The full indication, important safety information, and boxed warnings are available at:
www.gilead.com/-/media/files/pdfs/medicines/hiv/biktarvy/biktarvy_pi.
Summary
Traditional risk factors contributing to the development of insulin resistance and diabetes mellitus include abdominal obesity, physical inactivity, genetics, and older age. HIV-associated diabetes risk factors include peripheral lipoatrophy, increased liver or muscle fat, decreased testosterone levels, HCV co-infection, and the use of select ARVs. Both types of risk factors contribute to a 2% to 14% prevalence of diabetes mellitus in PWH.1,2
Prospective Studies on the Effects of BIC/FTC/TAF on Glucose or Insulin Levels
In four phase 3 studies with ARV-naïve or VS participants, ≥2% experienced Grade 3 or 4 glycosuria and/or fasting hyperglycemia (BIC/FTC/TAF: 1–3%; comparators: 1–4%).3-7 Treatment-emergent diabetes occurred in 1% to 2% of ARV-naïve participants, with no statistically significant differences in median fasting glucose changes between arms.8
A phase 3b study of switching to CAB + RPV vs continuing BIC/FTC/TAF found similar rates of metabolic syndrome and insulin resistance in both treatment arms at Month 12.9,10
In the EBONY study, VS participants who switched to BIC/FTC/TAF did not have statistically significant changes from baseline in mean blood glucose levels through Week 48.11
In the real-world SCOLTA study, there was an increase in mean blood glucose values among TE participants without diabetes and no statistically significant differences in mean blood glucose changes or new-onset diabetes rates between BIC and DTG groups.12,13
Retrospective Studies on the Effects of BIC/FTC/TAF on Glucose or Insulin Levels
In a real-world study of PWH who started or switched to BIC/FTC/TAF, 18.4% had prediabetes at baseline, of whom 8.1% developed diabetes.
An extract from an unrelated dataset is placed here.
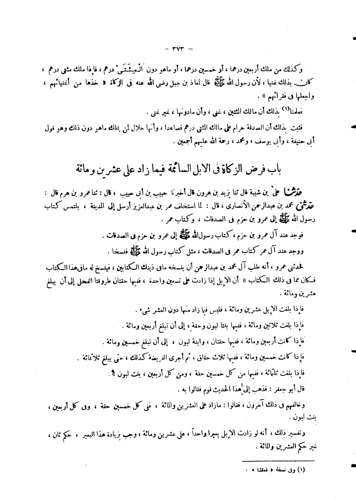 7364 - حَدَّثَنَا عَلِيُّ بْنُ شَيْبَةَ، قَالَ ثنا يَزِيدُ بْنُ هَارُونَ، قَالَ أَخْبَرَنَا حَبِيبُ بْنُ أَبِي حَبِيبٍ، قَالَ: ثنا عَمْرُو بْنُ هَرِمٍ، قَالَ: حَدَّثَنِي مُحَمَّدُ بْنُ عَبْدِ الرَّحْمَنِ الْأَنْصَارِيُّ، قَالَ: لَمَّا اسْتُخْلِفَ عُمَرُ بْنُ عَبْدِ الْعَزِيزِ أَرْسَلَ إِلَى الْمَدِينَةِ , يَلْتَمِسُ كِتَابَ رَسُولِ اللهِ صَلَّى اللَّهُ عَلَيْهِ وَسَلَّمَ إِلَى عَمْرِو بْنِ حَزْمٍ فِي الصَّدَقَاتِ , وَكِتَابَ عُمَرَ. فَوَجَدَ عِنْدَ آلِ عَمْرِو بْنِ حَزْمٍ , كِتَابَ رَسُولِ اللهِ صَلَّى اللَّهُ عَلَيْهِ وَسَلَّمَ إِلَى عَمْرِو بْنِ حَزْمٍ فِي الصَّدَقَاتِ. وَوَجَدَ عِنْدَ آلِ عُمَرَ كِتَابَ عُمَرَ فِي الصَّدَقَاتِ , مِثْلَ كِتَابِ رَسُولِ اللهِ صَلَّى اللَّهُ عَلَيْهِ وَسَلَّمَ فَنُسِخَا. فَحَدَّثَنِي عَمْرٌو , أَنَّهُ طَلَبَ آلُ مُحَمَّدِ بْنِ عَبْدِ الرَّحْمَنِ أَنْ يَنْسَخَهُ مَا فِي ذَيْنِكَ الْكِتَابَيْنِ , فَيَنْسَخَ لَهُ مَا فِي هَذَا الْكِتَابِ فَكَانَ مِمَّا فِي ذَلِكَ الْكِتَابِ «أَنَّ §الْإِبِلَ إِذَا زَادَتْ عَلَى تِسْعِينَ وَاحِدَةً , فَفِيهَا حِقَّتَانِ طَرُوقَتَا الْفَحْلِ إِلَى أَنْ يَبْلُغَ عِشْرِينَ وَمِائَةً. فَإِذَا بَلَغَتِ الْإِبِلُ عِشْرِينَ وَمِائَةً , فَلَيْسَ فِيمَا زَادَ مِنْهَا دُونَ الْعَشْرِ شَيْءٌ. فَإِذَا بَلَغَتْ ثَلَاثِينَ وَمِائَةً , فَفِيهَا بِنْتَا لَبُونٍ وَحِقَّةٌ , إِلَى أَنْ تَبْلُغَ أَرْبَعِينَ وَمِائَةً. فَإِذَا كَانَتْ أَرْبَعِينَ وَمِائَةً , فَفِيهَا حِقَّتَانِ , وَابْنَةُ لَبُونٍ , إِلَى أَنْ تَبْلُغَ خَمْسِينَ وَمِائَةً. فَإِذَا كَانَتْ خَمْسِينَ وَمِائَةً , فَفِيهَا ثَلَاثُ حِقَاقٍ , ثُمَّ أَجْرَى الْفَرِيضَةَ كَذَلِكَ , حَتَّى يَبْلُغَ ثَلَاثَمِائَةٍ. فَإِذَا بَلَغَتْ ثَلَثَمِائَةٍ , فَفِيهَا مِنْ كُلِّ خَمْسِينَ حِقَّةٌ , وَمِنْ كُلِّ أَرْبَعِينَ , بِنْتُ لَبُونٍ» قَالَ أَبُو جَعْفَرٍ: فَذَهَبَ إِلَى هَذَا الْحَدِيثِ قَوْمٌ فَقَالُوا بِهِ. وَخَالَفَهُمْ فِي ذَلِكَ آخَرُونَ , فَقَالُوا: مَا زَادَ عَلَى الْعِشْرِينَ وَالْمِائَةِ , فَفِي كُلِّ خَمْسِينَ حِقَّةٌ , وَفِي كُلِّ أَرْبَعِينَ , بِنْتُ لَبُونٍ. وَتَفْسِيرُ ذَلِكَ , أَنَّهُ لَوْ زَادَتِ الْإِبِلُ بَعِيرًا وَاحِدًا , عَلَى عِشْرِينَ وَمِائَةٍ , وَجَبَ بِزِيَادَةِ هَذَا الْبَعِيرِ حُكْمٌ ثَانٍ , غَيْرُ حُكْمِ الْعِشْرِينَ وَالْمِائَةِ. -[374]- فَوَجَبَ فِي كُلِّ أَرْبَعِينَ بِنْتُ لَبُونٍ ثُمَّ يُجْرُونَ ذَلِكَ كَذَلِكَ , حَتَّى تَبْلُغَ الزِّيَادَةُ تَمَامَ الْمِائَةِ وَالثَّلَاثِينَ , فَيَجْعَلُونَ فِيهَا حِقَّةً وَبِنْتَيْ لَبُونٍ. ثُمَّ يَكُونُ ذَلِكَ كَذَلِكَ , حَتَّى يَتَنَاهَى الزِّيَادَةُ إِلَى أَرْبَعِينَ وَمِائَةٍ , فَإِذَا كَانَتْ أَرْبَعِينَ وَمِائَةً , كَانَ فِيهَا حِقَّتَانِ , وَبِنْتُ لَبُونٍ , إِلَى خَمْسِينَ وَمِائَةٍ. فَإِذَا كَانَتْ خَمْسِينَ وَمِائَةً , كَانَ فِيهَا ثَلَاثُ حِقَاقٍ , ثُمَّ يُجْرُونَ الْفَرْضَ فِي الزِّيَادَةِ عَلَى ذَلِكَ كَذَلِكَ , أَبَدًا. وَاحْتَجُّوا فِي ذَلِكَ مِنَ الْآثَارِ

Among the 880 participants without prediabetes at baseline, 11.7% and 1.3% developed prediabetes and diabetes, respectively.14
An observational study in Taiwan showed a statistically significant increase in HbA1c from 5.31% at baseline of 0.12% at Week 96 in VS PWH after switching to BIC/FTC/TAF.15
In the METABIC study, among patients who switched to BIC/FTC/TAF, from baseline to Month 12, the increase in mean blood glucose levels and decrease in the mean TyG ratio were not statistically significant.16
Another observational analysis found that changes from baseline in insulin and HOMA-IR were similar between groups starting on BIC/FTC/TAF or DTG/ABC/3TC.17
Prospective Studies on the Effects of BIC/FTC/TAF on Glucose or Insulin Levels
Gilead Clinical Data
In four phase 3 studies that included ARV-naïve or VS participants, Grade 3 or 4 glycosuria and/or fasting hyperglycemia were reported in ≥2% of participants overall (BIC/FTC/TAF, 1–3%; comparators, 1–4%).3-7 Among ARV-naïve participants, treatment-emergent diabetes occurred in 1% to 2% of all participants through Week 144. The difference in median fasting glucose changes was not statistically significant between BIC/FTC/TAF and DTG/ABC/3TC (P=0.64) or DTG + FTC/TAF (P=0.96).8
SOLAR: Phase 3b, Noninferiority Study
A randomized, noninferiority study compared safety and efficacy outcomes between VS participants who switched to long‑acting CAB + RPV regimen administered monthly or every 2 months (n=454) and those who continued daily BIC/FTC/TAF (n=227).9,10 At baseline, in the long‑acting CAB + RPV and BIC/FTC/TAF arms, baseline characteristics included the following: the overall median age was 37 years; 17% and 18%, respectively, were female; 69% and 70% were White; 38% and 34% were overweight; 21% and 23% were obese; 17% in each arm had metabolic syndrome; and 42% and 43% had insulin resistance.9 At Month 12, the rates of participants with metabolic syndrome or insulin resistance were similar between treatment arms among the overall study population and among females.9,10
EBONY: Single-Arm, Open-Label, Pilot Study11
The EBONY study evaluated the efficacy and tolerability of switching from EFV/FTC/TDF to BIC/FTC/TAF in VS participants (N=214). At baseline, the mean glucose level was 90 mg/dL, the median age was 53 years, 84.6% were male, 87.4% were White, and the mean BMI was 25.3 kg/m2. Mean (SD) glucose changes from baseline were not statistically significant: Week 24, +0.7 (22) mg/dL (n=202; P=0.929); Week 48, +0.9 (20) mg/dL (n=178; P=0.534).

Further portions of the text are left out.